Awhile later I saw John arguing on LessWrong with (I think?) Ryan Greenblatt about whether Ryan's current pseudo-paradigm was good. (Sorry if I got the names here or substance here wrong, I couldn't find the original thread, and it seemed slightly better to be specific so we could dig into a concrete example).

One distinction in the discussion seemed to be something like:

  • On one hand, Ryan thought his current paradigm (this might have been "AI Control", as contrasted with "AI Alignment") had a bunch of traction on producing a plan that would at least reasonably help if we had to align superintelligent AIs in the near future.
  • On the other hand, John argued that the paradigm didn't feel like the sort of thing that was likely to bear the fruit of new, better paradigms.

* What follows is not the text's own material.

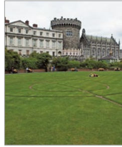
Dublin Castle, met in het midden de Record Tower.

In het gerestaureerde en gemoderniseerde gebouw met het klokkentorentje achter op het kasteelterrein is de gelauwerde Chester Beatty Library 18 gevestigd (www.cbl.ie, okt.-apr. di. t/m vr. 10.00-17.00, mrt.-okt. ma. t/m vr. 10.00-17.00, hele jaar za. 11.00-17.00, zo. 13.00-17.00 uur, toegang gratis). De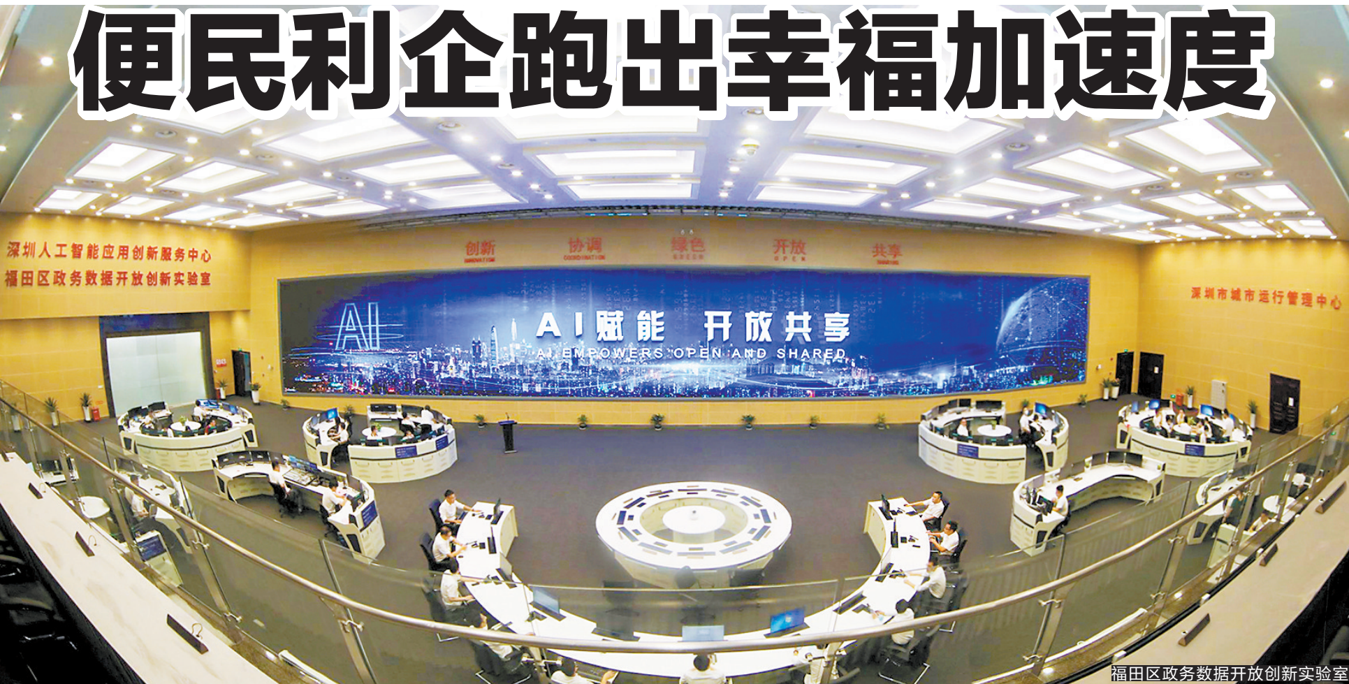
福田区政务数据开放创新实验室

争创“首善政数”，打造“福田品牌”。2022年，由国家信息中心主办的“2021亚太智慧城市发展论坛”在深圳开启。福田区政务服务数据管理局在此次论坛的“2021年度亚太智慧城市评选”中荣获“2021中国领军智慧城区”奖项。

It focused on an area of the superintelligence problem that, while locally tractable, John thought was insufficient to actually solve the problem, and also wasn't the sort of thing likely to pave the way to new paradigms.

Now a) again I'm not sure I'm remembering this conversation right, b) whether either of those points are true in this particular case would be up for debate and I'm not arguing they're true. (also, regardless, I am interested in the idea of AI Control and think that getting AI companies to actually do the steps necessary to control at least nearterm AIs is something worth putting effort into)

But it seemed good to promote to attention the idea that: when you're looking at clusters of AI Safety research and thinking about whether it is congealing into a useful, promising paradigm, one of the questions to ask is not just "does this paradigm seem locally tractable" but "do I have a sense that this paradigm will open up new lines of research that can lead to be better paradigms?".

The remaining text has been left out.